# Baits



## First Catch (Oct 1, 2007)

What are some good artificials to use during this time of year?


----------



## surfstryker (Sep 28, 2007)

Plastic worm on the bottom slow.


----------



## First Catch (Oct 1, 2007)

Thanks.


----------



## Midnight Rider (Sep 30, 2007)

Johnson's Beatle spin for Crappie.


----------



## RiVerRaT (Dec 14, 2007)

Dynamite and a dip net oke


----------



## patriot10 (Dec 1, 2007)

_I like to use a crank bait fished slow, but with the way the weather has been its up in the air what to use._


----------



## chuckseven (Oct 6, 2007)

I'm not sure for the pan handle but I've been fishing in central Florida since 1981 and here is my expereince fo rdown here..

Jan.-Feb. 15th

Crappie / specks Artificial Hal Fly jig..either jig slowly off the bow of your boat , or drift on the bottom.

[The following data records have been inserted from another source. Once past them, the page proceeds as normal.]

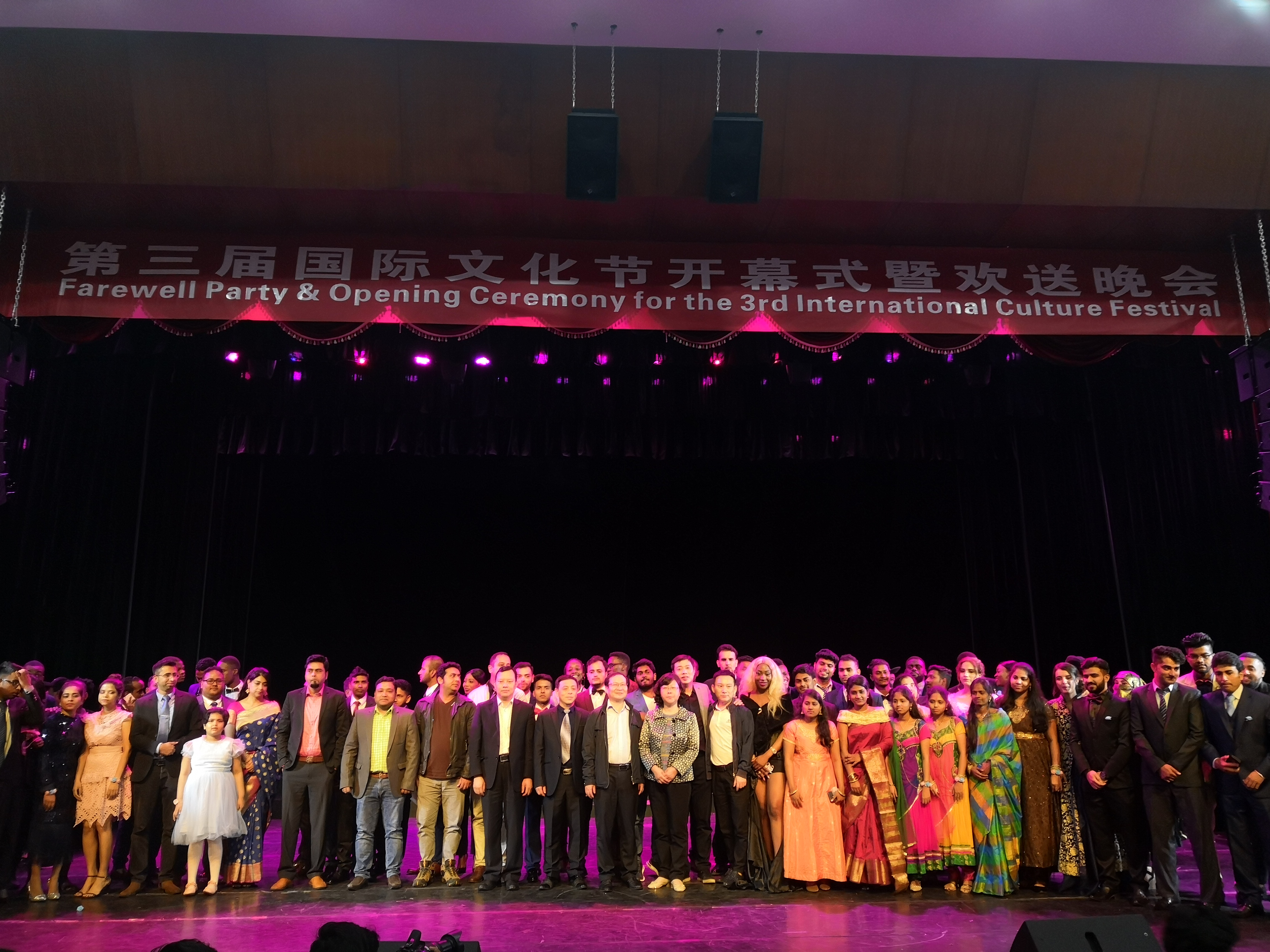 4月29晚,第三届国际文化节暨实习欢送晚会在艺术学院音乐厅开幕。校党委常委、副校长黄俭根、我院全体院领导和中外师生350余人参加。
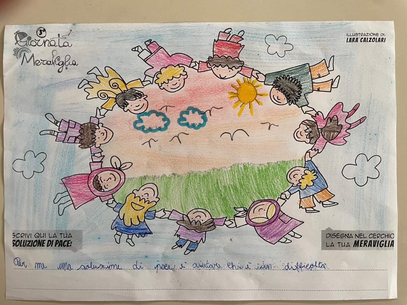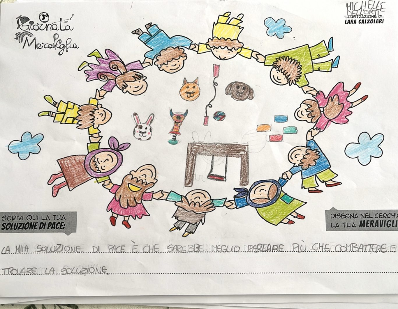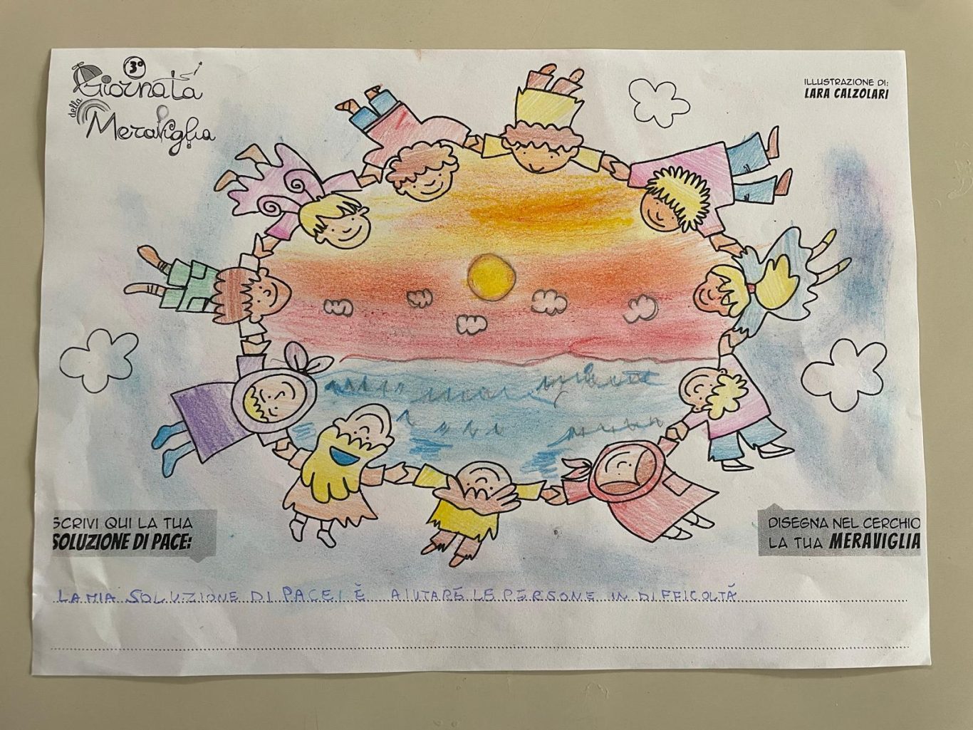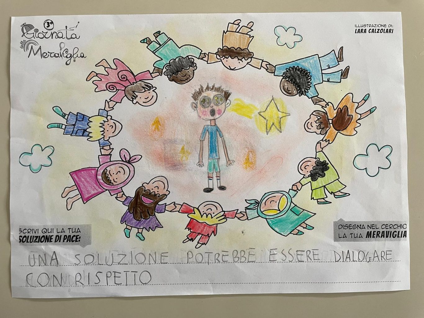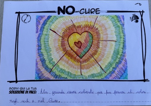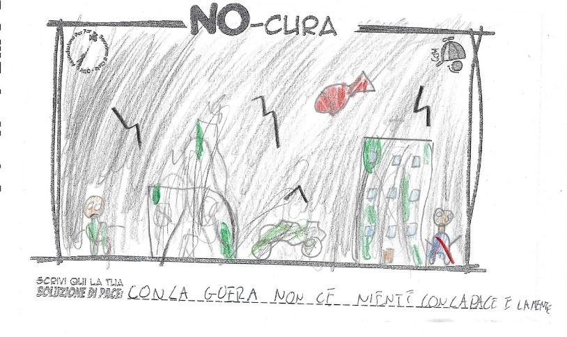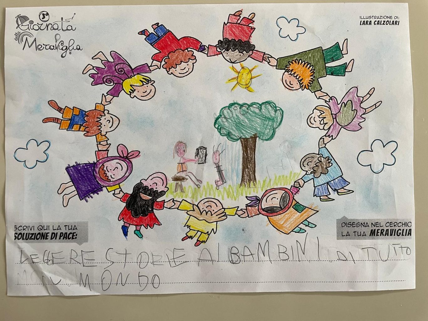 L’opera di sensibilizzazione si si esprime concretamente con la creazione di un DISEGNO DELLA MERAVIGLIA che andrà ad aiutare una delle 12 fatiche. Allo stesso modo chiederemo a tutti i partecipanti di andare a scrivere una “Soluzione di Pace” che possa aiutare anch’essa una delle 12 fatiche dei Bambini della guerra.
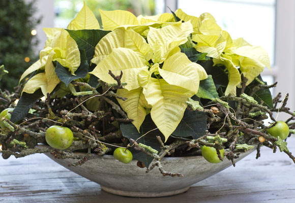 Estamos a escasas horas de la celebración de nochebuena, y si todavía no has pensado cómo decoraras el centro de la mesa, es el momento de ponerte manos a la obra. Te proponemos darle un toque rústico a tu hogar con estas ponsettias amarillas, que crearán un ambiente cálido y alegre para las celebraciones.
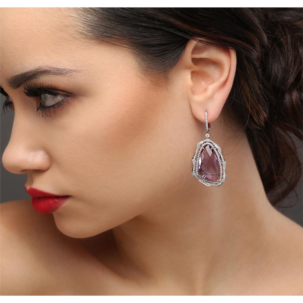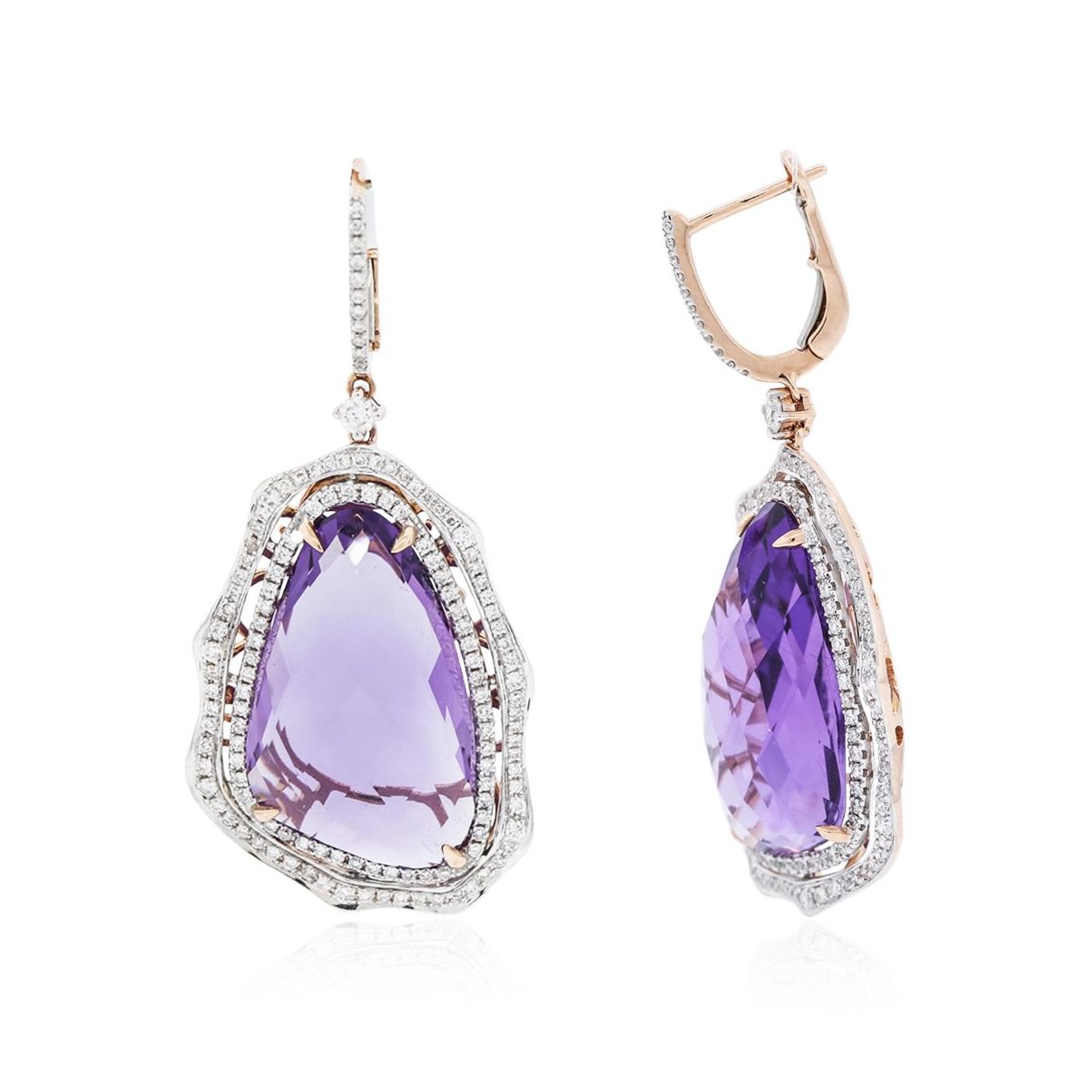 One polished, stamped, and tested pair of 14KT rose gold "Michael Christoff" designer earrings mounted with: 2 genuine amethyst center stones weighing 29.95ct, and 264 genuine round diamonds weighing 1.48ct. This item weighs 16.30 grams. Condition is new, excellent workmanship. AIGL Appraised at $15,744.00.

Live bait...hook minnow through both lips..fish with bobber about 1 -2 feet off th ebottom.

Shellcrackers/ red earred sunfish..fish the bottom with smallest split sho tyou got..1/2 of BB and live red worm

Feb, 15th through April 15th..Bass.

most successful ..live shiner ..2 foot off the bottom

Artificial..Soft rubber worms..pegged Texas rig..flip or pitch in heavy cover..20 pound Power Pro line.

Weeds..white weedless spinner baits or top water

April 15th - June 1st..bluegill ..red worms bottom..

or fly rod poppers....or 1/16th ounce rooster tails or beetle spins


----------